#### [MATERIAL PROVIDED]
........

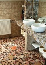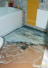 As for the walls, tiles will be the best option for floor design. There are special models with anti-slip coating. Another stylish and practical solution is the bulk floor. Such floors have a wide range of design options. There are unusual and bright models with 3D-drawings.. Moreover, these materials are excellent for installing underfloor heating, which is especially true for cold winters.
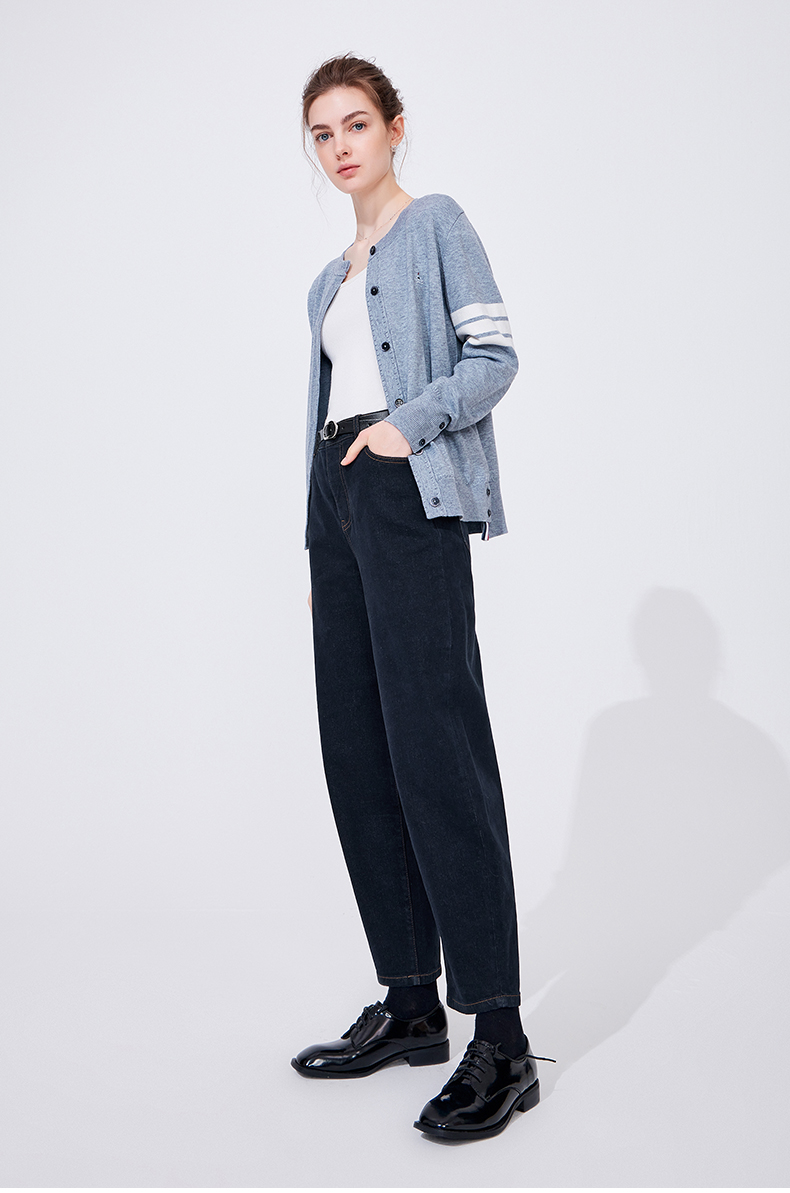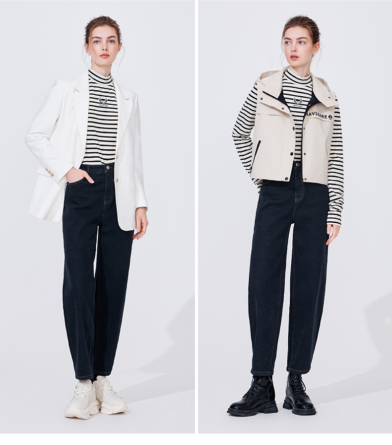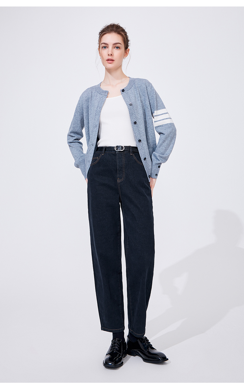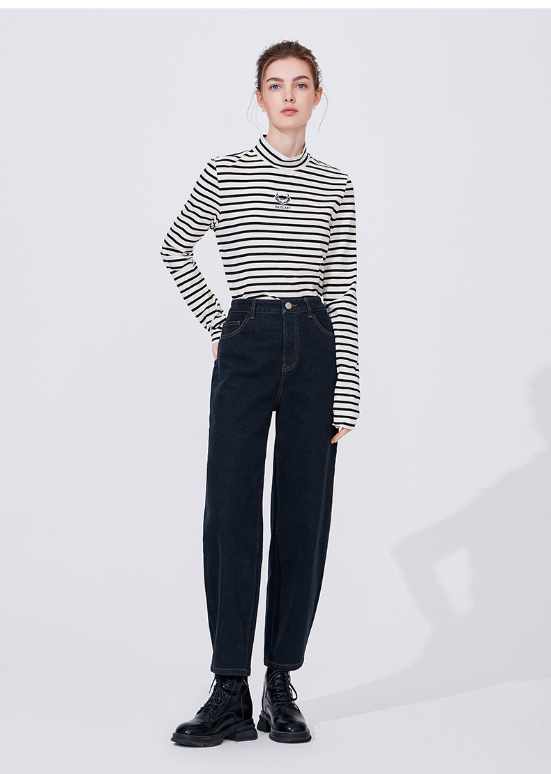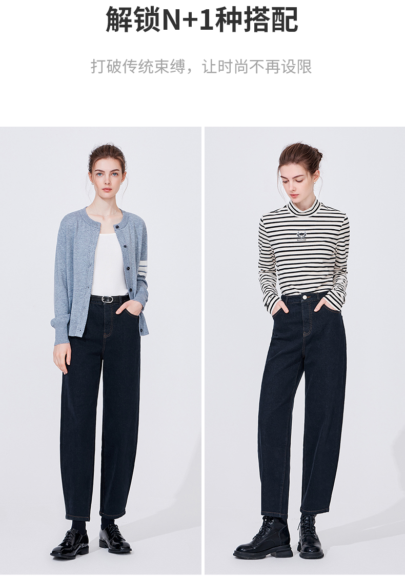 纳维凯尔Navigare意大利小帆船春季磨毛牛仔裤女显瘦九分裤子休闲香蕉裤 2332573533
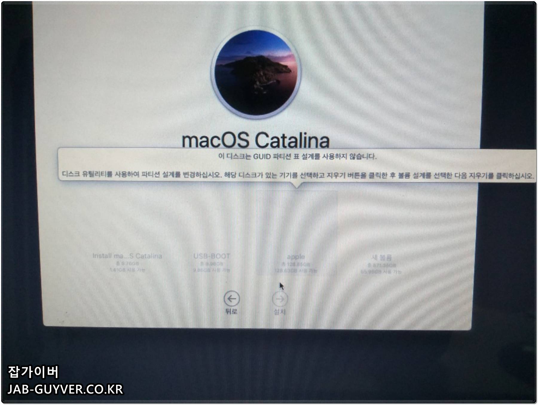 추가 구성요소가 잘 받아지지 않거나, 설치 화면에서 “이 디스크는 GUID 파티션 표를 설계하지 않습니다” 같은 문구가 보인다면, macOS가 기대하는 방식과 다른 파티션 구조로 디스크가 잡혀 있을 가능성이 큽니다.
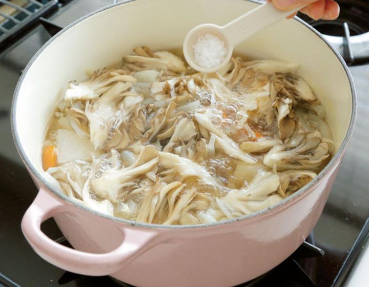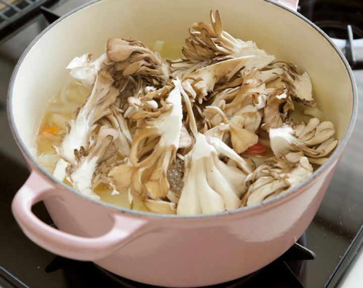 野菜がやわらかくなったらまいたけを加え、ひと煮する。途中、スープのかさが減ってきたら、適宜水を足す。
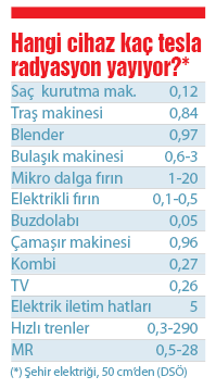 Elektromanyetik kirliliğin olumsuz tesirleri, dalganın frekansına, güç ve alan yoğunluğuna, kaynağın uzaklığına, maruz kalma süresine, etkilenenin ölçülerine ve elektriğin özelliklerine göre değişiyor. Mesela, ortalama bir baz istasyonunun yaydığı radyasyon 10 volt/metre. Fakat ütününki 50 volt/metre. Bu durumda ‘Ütü daha zararlıdır’ demek yanlış. Çünkü cep telefonundan kaynaklanan radyasyonun sınır değeri 41 volt/metre iken ütüde bu rakam 5000 volt/metre. Yani her kaynağı, kendi güvenlik limiti ile karşılaştırmak gerekiyor. Üstelik âdeta bir organ hâline gelen cep telefonunun sinyaline maruz kalma süresi, diğer cihazlarla karşılaştırılamayacak kadar uzun. Bu noktada özellikle hamileler ve çocuklar daha yüksek risk grubunda bulunuyor. Elektromanyetik kirlenme duyularla hissedilmiyor. Vücut ısısını 0,5 ila 2 derece arasında artırıp dengeyi bozuyor. Beyinde 0,5-120 Hz arasında oluşan beyin dalgaları aynı zamanda elektromanyetik alanlar. Beyin dalgaları, işlevleri yönüyle 6 banda ayrılıyor. Bu dalgalar beyinde gerçekleştiğinde insan; korku, sevinç, düşünce gibi ruh hâllerini yaşıyor. Ev içinde kullanılan tüm elektrikli cihazların 50 Hz frekanslı olması sebebiyle, verdikleri radyasyon beyin dalgaları ile eşleşebiliyor.
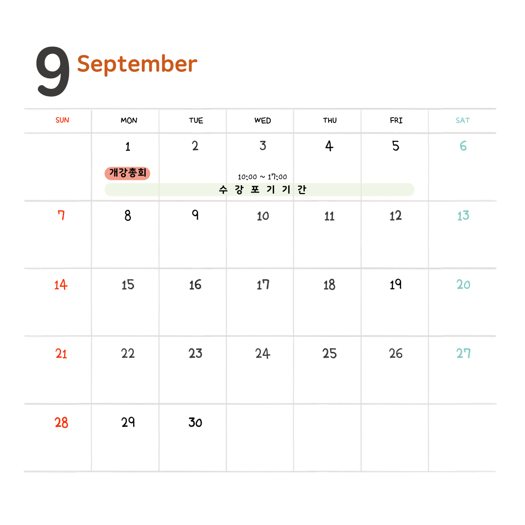 9월은 새로운 학기의 시작과 함께 캠퍼스가 다시 활기를 되찾는 시간입니다. 이번 9월 한 달이 모두에게 뜻깊고 풍성한 시간이 되기를 바라며, 학사일정을 참고하여 주시기바랍니다.
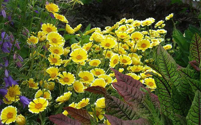 Якщо вам подобаються квіти типу айстр, вам особливо сподобається лея. Її великі двоколірні квіти привертають увагу і ефектно виглядають на клумбі, тому варто задуматися про те, щоб посадити її у своєму саду. Це дуже невибаглива рослина, що не потребує родючого субстрату і підживлень, найкраще росте на небагатому ґрунті, що не може не радувати власників міських садів.
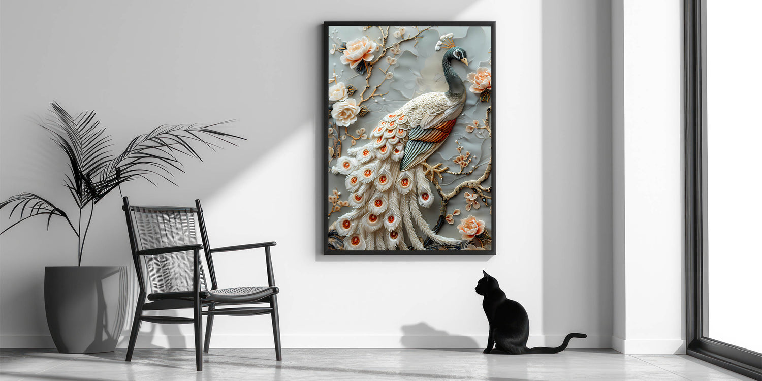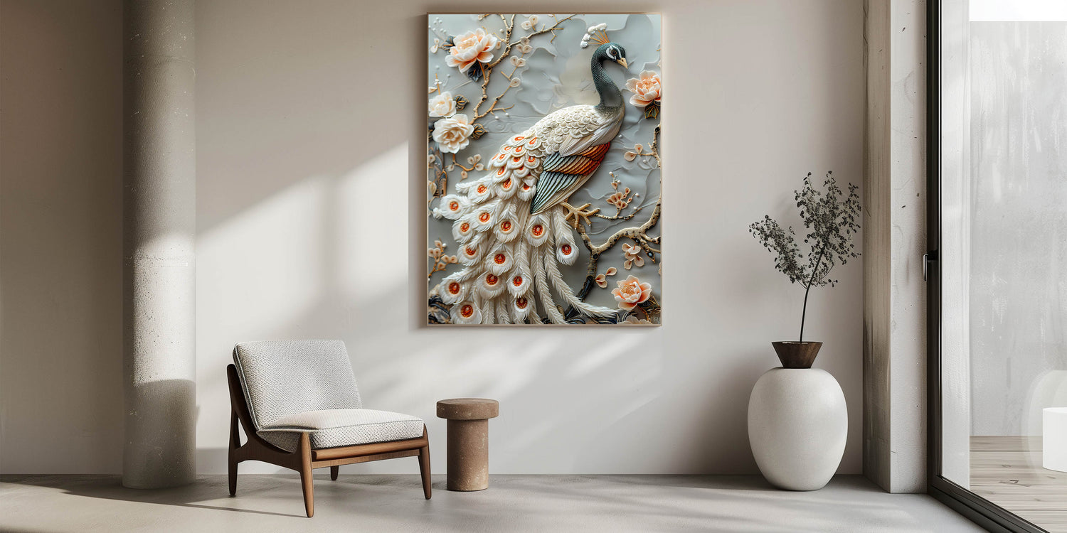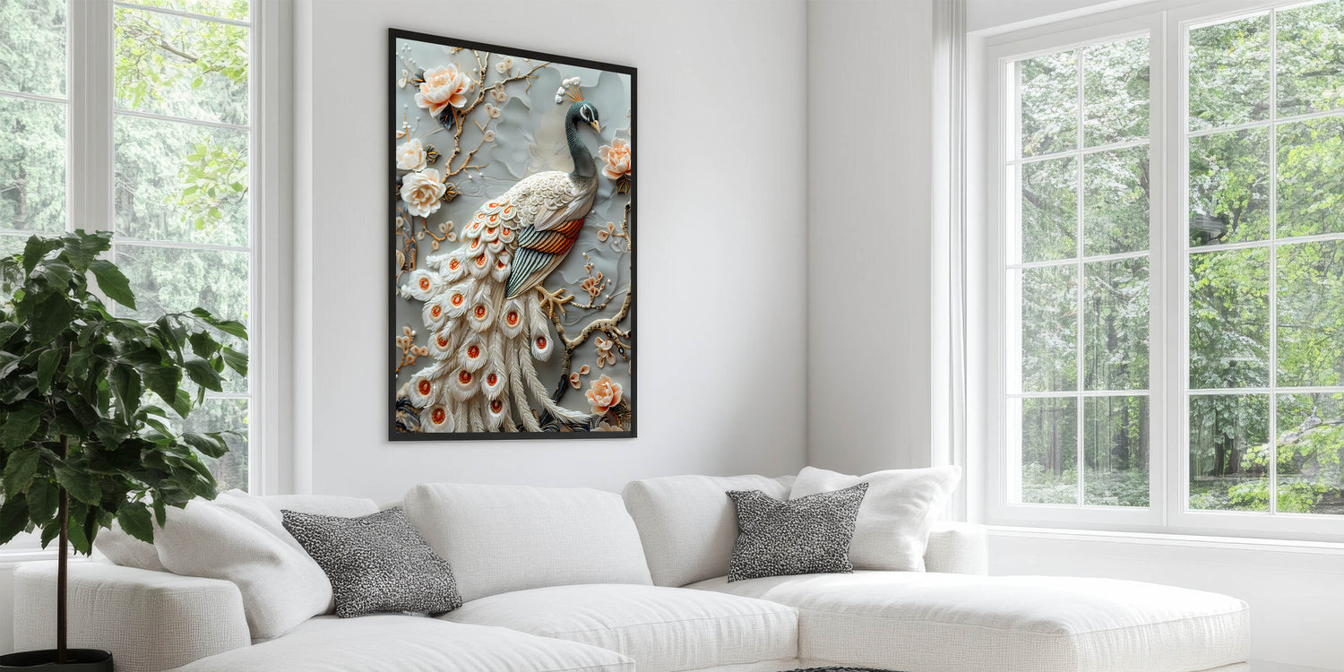 - Intricate Artistic Detailing: High-resolution reproduction of intricate floral patterns and the peacock's elegant plumage.

........

#### [WHAT THE TASK REQUIRES]
Restate word for word the lines from the one with "9월은 새로운 학기의" to the end of the material, both included. Do not include the pictures.

#### [EXERCISE RESPONSE]
 9월은 새로운 학기의 시작과 함께 캠퍼스가 다시 활기를 되찾는 시간입니다. 이번 9월 한 달이 모두에게 뜻깊고 풍성한 시간이 되기를 바라며, 학사일정을 참고하여 주시기바랍니다.
 Якщо вам подобаються квіти типу айстр, вам особливо сподобається лея. Її великі двоколірні квіти привертають увагу і ефектно виглядають на клумбі, тому варто задуматися про те, щоб посадити її у своєму саду. Це дуже невибаглива рослина, що не потребує родючого субстрату і підживлень, найкраще росте на небагатому ґрунті, що не може не радувати власників міських садів.
 - Intricate Artistic Detailing: High-resolution reproduction of intricate floral patterns and the peacock's elegant plumage.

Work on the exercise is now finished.